Presentation on theme: "JURISDICTION Arie Afriansyah. Definition The extent to which international law permits a state to exercise its jurisdiction over persons or things in."— Presentation transcript:
JURISDICTION Arie Afriansyah
Definition The extent to which international law permits a state to exercise its jurisdiction over persons or things in its territory and sometimes abroad. (Anthony Aust) Domestic jurisdiction takes two main forms: – Prescription (the making of law) – Enforcement (implementation of the law by the judiciary and executive)
Conflicts of jurisdiction in civil matters are generally resolved by applying conflict of laws rules. Disputes over jurisdiction occur more often in the enforcement of laws of a regulatory nature. … a general principle has now emerged that a state may exercise jurisdiction if there is a sufficiently close connection between the subject matter and the state to override the interests of a competing state.

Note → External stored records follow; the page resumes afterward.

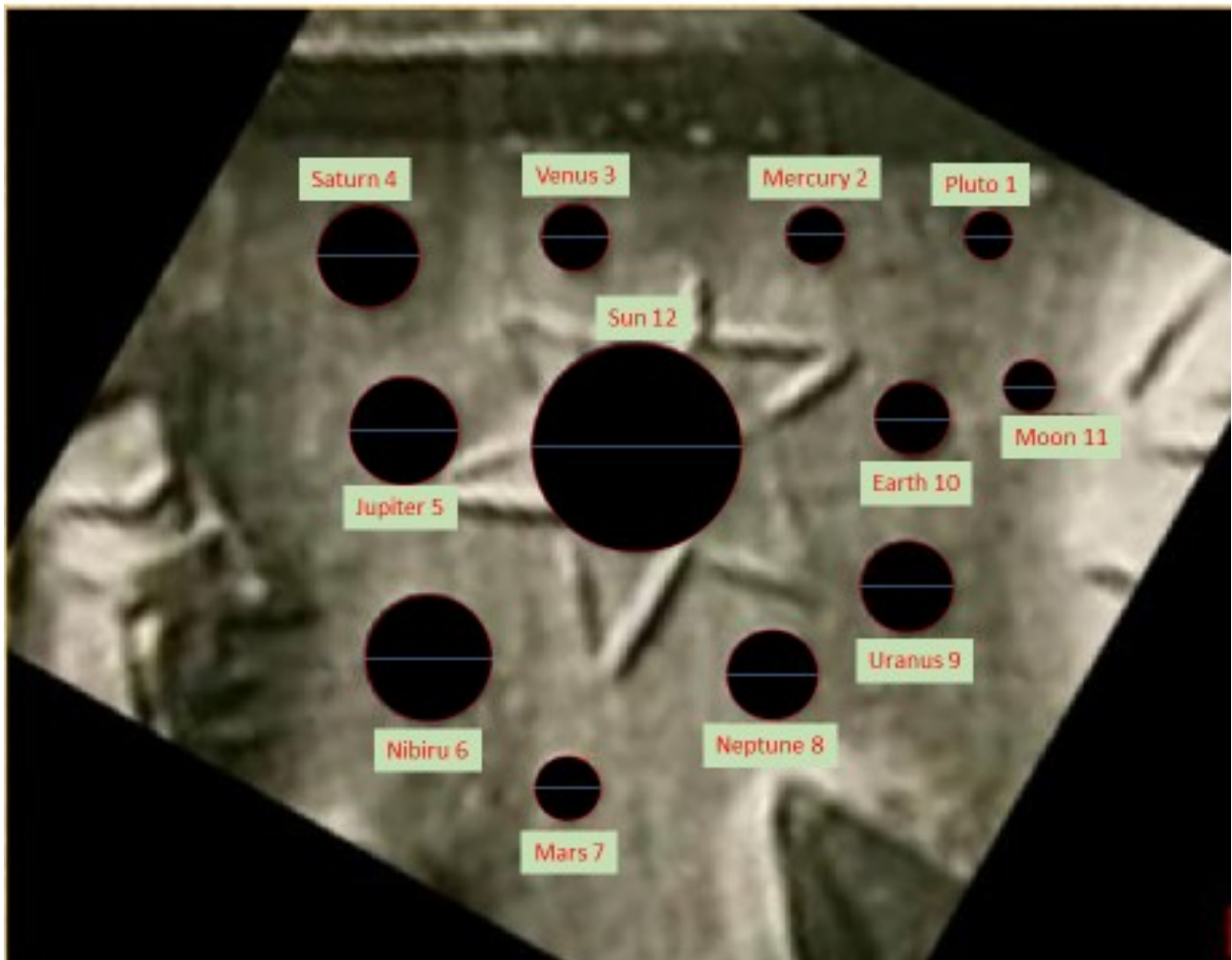
Figure 3: VA-243 Measurement Setup showing Solar System

was recorded as shown in Table 1 below. The Powerpoint measurement only gave me two decimal places of accuracy which is not very good resolution. More resolution will improve the results, but I decided to use the reported values directly and see how the math worked.
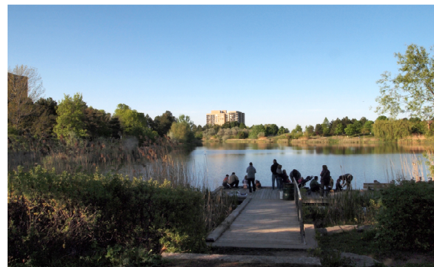
Figure 6-13: Mississauga has more than 480 parks and woodlands, these include parks for active recreational uses, while others include naturalized areas that are to be preserved and enhanced. Open spaces are fundamental to the Green System as they provide not only a recreational use but also social, educational and utility services. (Lake Aquitaine)

6.3.3.15 Where Public Open Space contains or abuts the Natural Areas System, the policies for the Natural Areas System will apply.
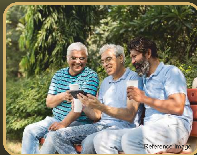
SENIOR CITIZEN ZONE
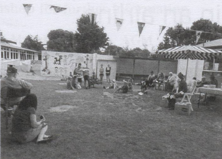
Santa comes to watch the pantomime before he hands out the presents.

Principles of Jurisdiction Territorial principle Nationality principle Passive personality principle Protective principle Universal and quasi-universal jurisdiction
Territorial principle 1 A state is free to legislate and enforce that legislation within its territory, the main exception being when that freedom is restricted by treaty. A state can also apply its laws to ships flying its flag or aircraft registered with it and persons on board. Although a state has sovereignty over its airspace, acts committed on board foreign-registered aircraft are primarily subject to the jurisdiction of the state of registration.

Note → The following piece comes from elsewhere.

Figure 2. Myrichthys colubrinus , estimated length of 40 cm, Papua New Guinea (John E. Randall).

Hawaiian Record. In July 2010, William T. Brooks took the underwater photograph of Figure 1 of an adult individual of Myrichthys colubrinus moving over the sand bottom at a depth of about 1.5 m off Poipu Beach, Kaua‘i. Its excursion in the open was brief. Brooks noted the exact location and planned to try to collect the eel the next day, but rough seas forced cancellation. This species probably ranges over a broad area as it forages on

Territorial principle 2 Officials of a foreign state cannot take evidence or exercise other jurisdiction without the consent of the territorial state. The immunity of foreign diplomats and states from the jurisdiction of domestic courts does not mean that there is no territorial jurisdiction over them, just that it cannot be exercised unless immunity is waived.
Nationality principle A state can legislate to regulate activities of its nationals abroad, whether living there or merely visiting. To varying degrees, states have legislation that provides that their nationals who commit offences abroad may be prosecuted at home, and for this purpose extradition may be available.

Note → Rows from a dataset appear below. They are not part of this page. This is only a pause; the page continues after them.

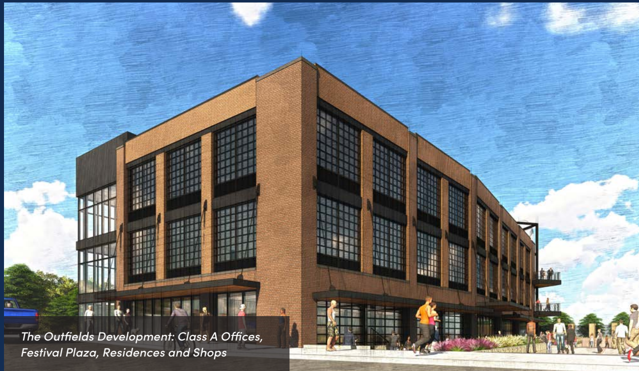
The Outfields Development: Class A Offices, Festival Plaza, Residences and Shops

A catalyst development project is happening at the center of High Point, NC, featuring residences, Class A offices, shops, and a grand plaza just beyond the outfield of the new Truist Point baseball stadium, which opened in May of 2019. The Outfields development will be donned with the art and history of the local furniture heritage, and will be a place of community – attracting people to work, live, and play in the city.
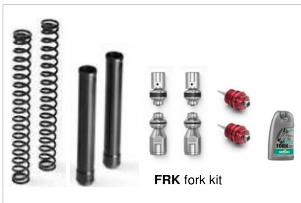
FRK fork kit
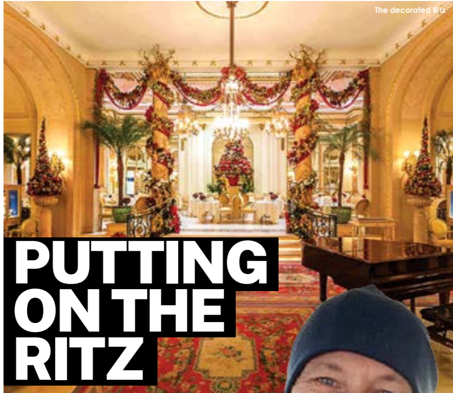
The decorated Ritz
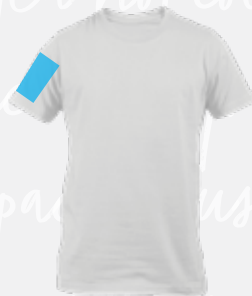
RIGHT SLEEVE MAX AREA: 3.5" x 3.5"
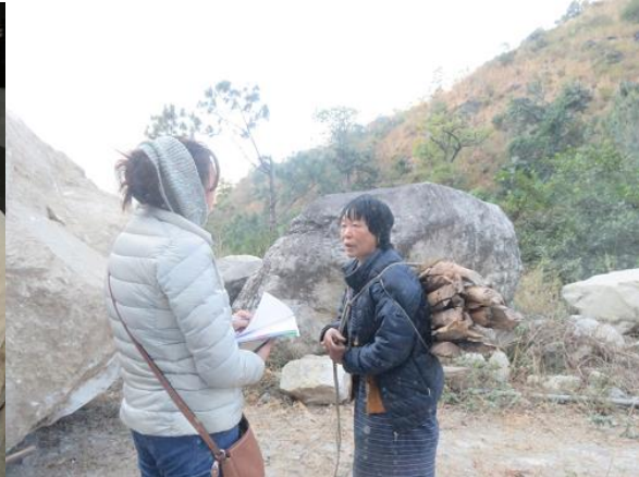
Left: Interview with local residents at Jara Village, Punakha. Right: Zawa village, Wangdue.
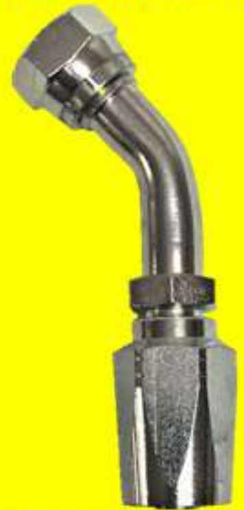
45° Tube Bend ORFS
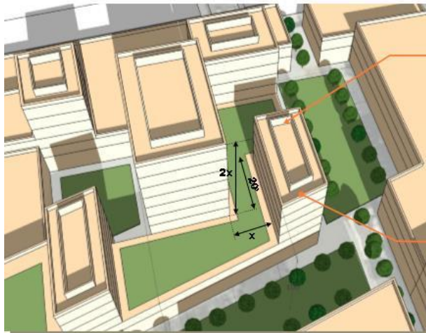
Parcel Group "A" Tower Footprint Standards:

Towers 75 feet in height or greater that face onto other towers of equal or greater height for a length of 20 feet or more shall be distanced from one another one (1) foot for every two (2) feet in height.
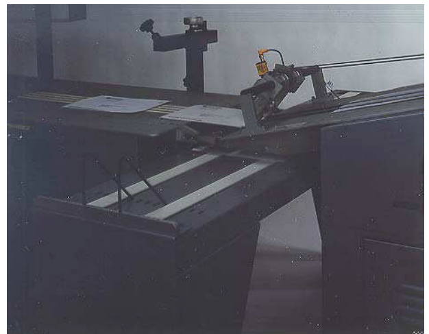
Minimal set-up time is needed because the KR 630 rolls into position over-top the shingle conveyor.

Specifications subject to change without notification Guards have been removed for clarity. Do not operate machine without guards in place.
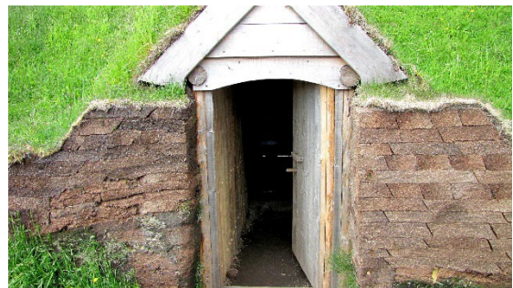
Figure 9: Entrance to a sod house, L'Anse aux Meadows.

L'Anse aux Meadows, a UNESCO World Heritage site, is the only authenticated Norse settlement in North America. The archaeological remains found here in 1960 date to approximately 1000 CE. Amazingly, the location was first established by a close reading of the Viking sagas.
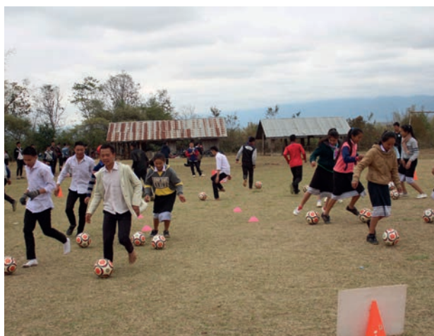
Children try to dribble the ball away from mine area, they can learn about dribble skill in football also to keep away from mine area.

Passive personality principle A state might claim jurisdiction over acts committed abroad against its own nationals by foreign nationals (victim jurisdiction). The jurisdiction of a legislation seems to have been used only to deal with terrorist offences and the principle is now found in various counter-terrorism conventions.
Protective principle In certain circumstances, a state may establish its jurisdiction over a foreign national who commits an offence abroad prejudicial to the state’s security, even if the act is not an offence under the local law. The scope of this principle is not well defined, but is most clearly seen in some of the treaties that provide fo quasi universal jurisdiction.
Universal jurisdiction It is exceptional for states to have jurisdiction under their law over crimes committed abroad by foreign nationals against foreign nationals. Certain crimes – piracy, slavery, torture, war crimes, genocide and other crimes against humanity – are so prejudicial to the interests of all states, customary international law, does not prohibit a state from exercising jurisdiction over them, wherever they take place and whatever the nationality of the alleged offender or victim.
quasi-universal jurisdiction The principle has in recent years been embodied in universal treaties dealing with terrorism, drug trafficking. Since in such cases the principle binds only the treaty parties, it is known as quasi-universal jurisdiction.